= Beginning of Section =
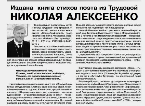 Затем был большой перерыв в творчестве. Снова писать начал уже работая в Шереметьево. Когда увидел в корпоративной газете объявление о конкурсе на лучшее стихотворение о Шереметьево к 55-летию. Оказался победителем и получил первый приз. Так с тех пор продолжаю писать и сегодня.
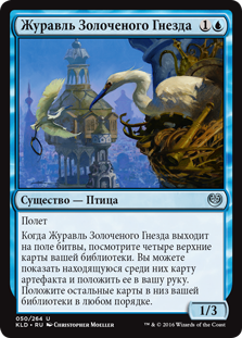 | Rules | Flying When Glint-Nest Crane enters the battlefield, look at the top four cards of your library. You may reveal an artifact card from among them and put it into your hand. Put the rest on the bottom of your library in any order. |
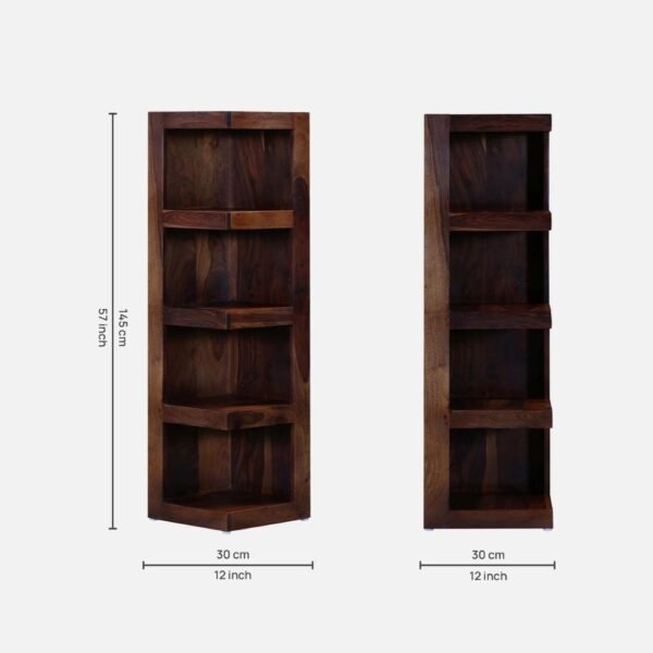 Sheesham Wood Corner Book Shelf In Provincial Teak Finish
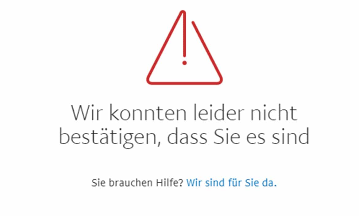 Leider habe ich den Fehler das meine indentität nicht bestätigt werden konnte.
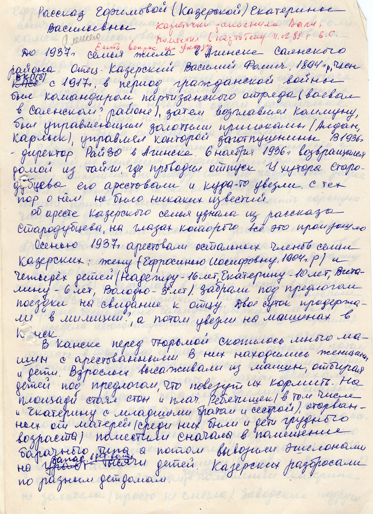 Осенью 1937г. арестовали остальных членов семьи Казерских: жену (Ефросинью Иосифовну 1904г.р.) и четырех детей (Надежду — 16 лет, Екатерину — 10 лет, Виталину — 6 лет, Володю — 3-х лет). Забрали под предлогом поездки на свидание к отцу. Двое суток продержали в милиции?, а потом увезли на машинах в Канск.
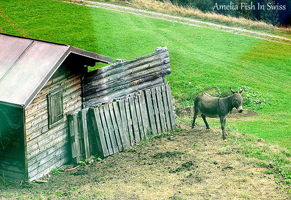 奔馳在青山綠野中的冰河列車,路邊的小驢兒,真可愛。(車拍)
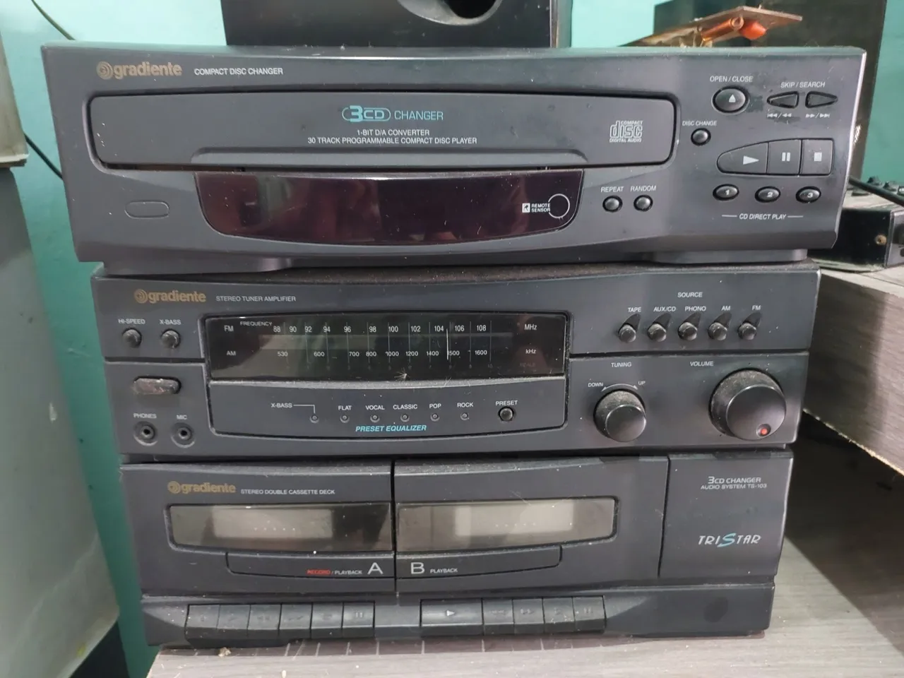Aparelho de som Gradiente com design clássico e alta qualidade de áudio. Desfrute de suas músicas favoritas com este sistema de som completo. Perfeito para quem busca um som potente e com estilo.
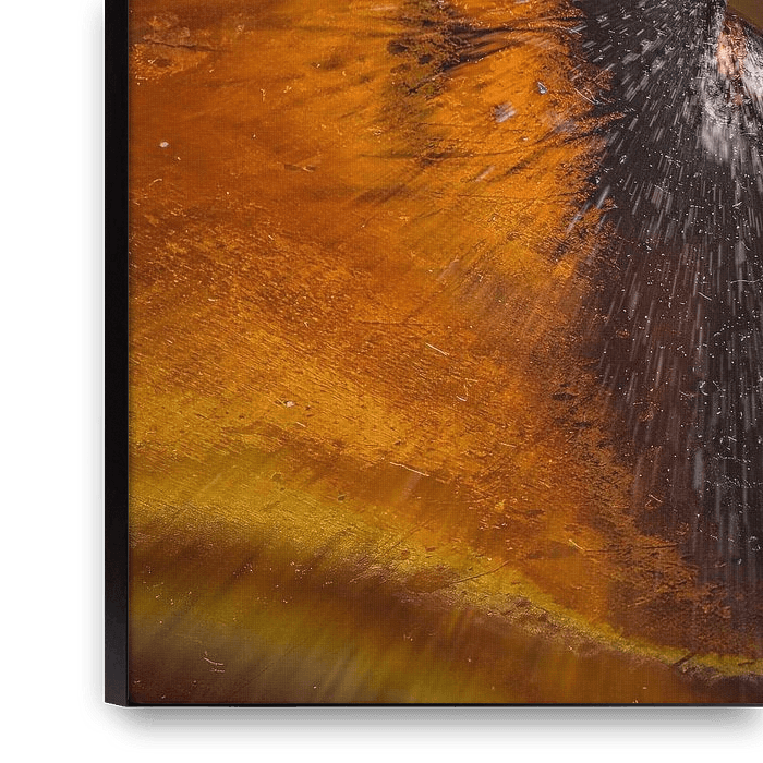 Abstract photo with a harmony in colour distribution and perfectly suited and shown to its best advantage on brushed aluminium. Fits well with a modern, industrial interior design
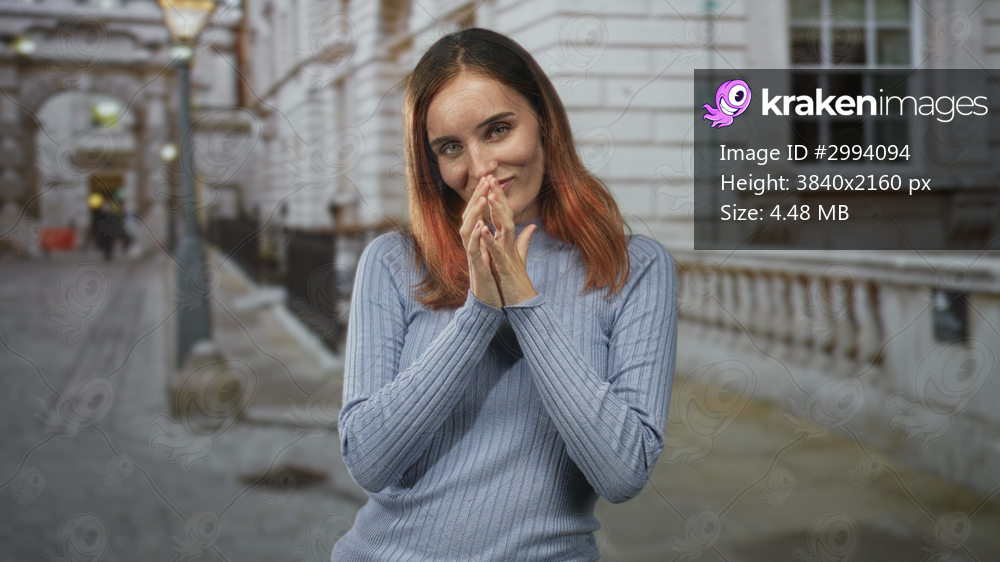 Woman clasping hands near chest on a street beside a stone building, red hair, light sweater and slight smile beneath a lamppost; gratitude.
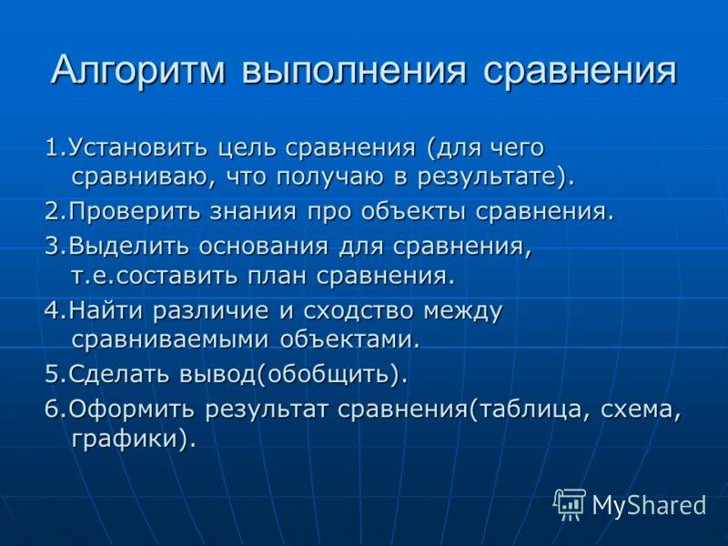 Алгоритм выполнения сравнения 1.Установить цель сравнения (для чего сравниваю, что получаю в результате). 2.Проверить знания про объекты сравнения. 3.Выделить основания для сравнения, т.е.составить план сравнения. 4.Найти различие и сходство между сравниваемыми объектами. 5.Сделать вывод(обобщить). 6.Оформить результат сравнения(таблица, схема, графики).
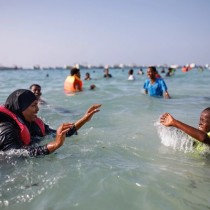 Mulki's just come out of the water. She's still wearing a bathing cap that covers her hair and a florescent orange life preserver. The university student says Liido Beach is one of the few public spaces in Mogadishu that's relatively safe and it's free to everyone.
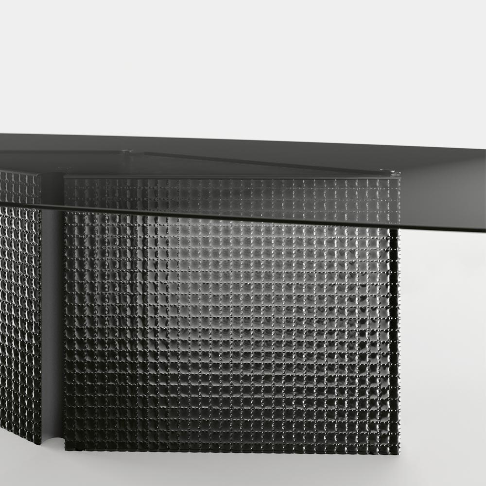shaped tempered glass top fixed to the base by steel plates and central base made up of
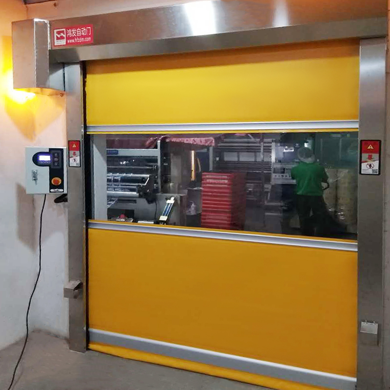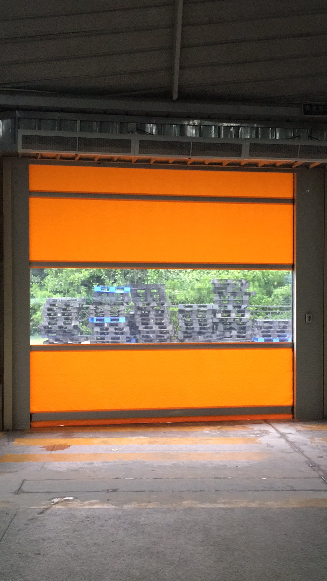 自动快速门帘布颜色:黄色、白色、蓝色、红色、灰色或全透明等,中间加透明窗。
= End of Section =
* INSTRUCTIONS FOR THE TASK
Reproduce the listing above from the line that contains "Leider habe ich" through its final line, exactly and with nothing added. Omit the images.

* FINISHED EXERCISE
 Leider habe ich den Fehler das meine indentität nicht bestätigt werden konnte.
 Осенью 1937г. арестовали остальных членов семьи Казерских: жену (Ефросинью Иосифовну 1904г.р.) и четырех детей (Надежду — 16 лет, Екатерину — 10 лет, Виталину — 6 лет, Володю — 3-х лет). Забрали под предлогом поездки на свидание к отцу. Двое суток продержали в милиции?, а потом увезли на машинах в Канск.
 奔馳在青山綠野中的冰河列車,路邊的小驢兒,真可愛。(車拍)
Aparelho de som Gradiente com design clássico e alta qualidade de áudio. Desfrute de suas músicas favoritas com este sistema de som completo. Perfeito para quem busca um som potente e com estilo.
 Abstract photo with a harmony in colour distribution and perfectly suited and shown to its best advantage on brushed aluminium. Fits well with a modern, industrial interior design
 Woman clasping hands near chest on a street beside a stone building, red hair, light sweater and slight smile beneath a lamppost; gratitude.
 Алгоритм выполнения сравнения 1.Установить цель сравнения (для чего сравниваю, что получаю в результате). 2.Проверить знания про объекты сравнения. 3.Выделить основания для сравнения, т.е.составить план сравнения. 4.Найти различие и сходство между сравниваемыми объектами. 5.Сделать вывод(обобщить). 6.Оформить результат сравнения(таблица, схема, графики).
 Mulki's just come out of the water. She's still wearing a bathing cap that covers her hair and a florescent orange life preserver. The university student says Liido Beach is one of the few public spaces in Mogadishu that's relatively safe and it's free to everyone.
shaped tempered glass top fixed to the base by steel plates and central base made up of
 自动快速门帘布颜色:黄色、白色、蓝色、红色、灰色或全透明等,中间加透明窗。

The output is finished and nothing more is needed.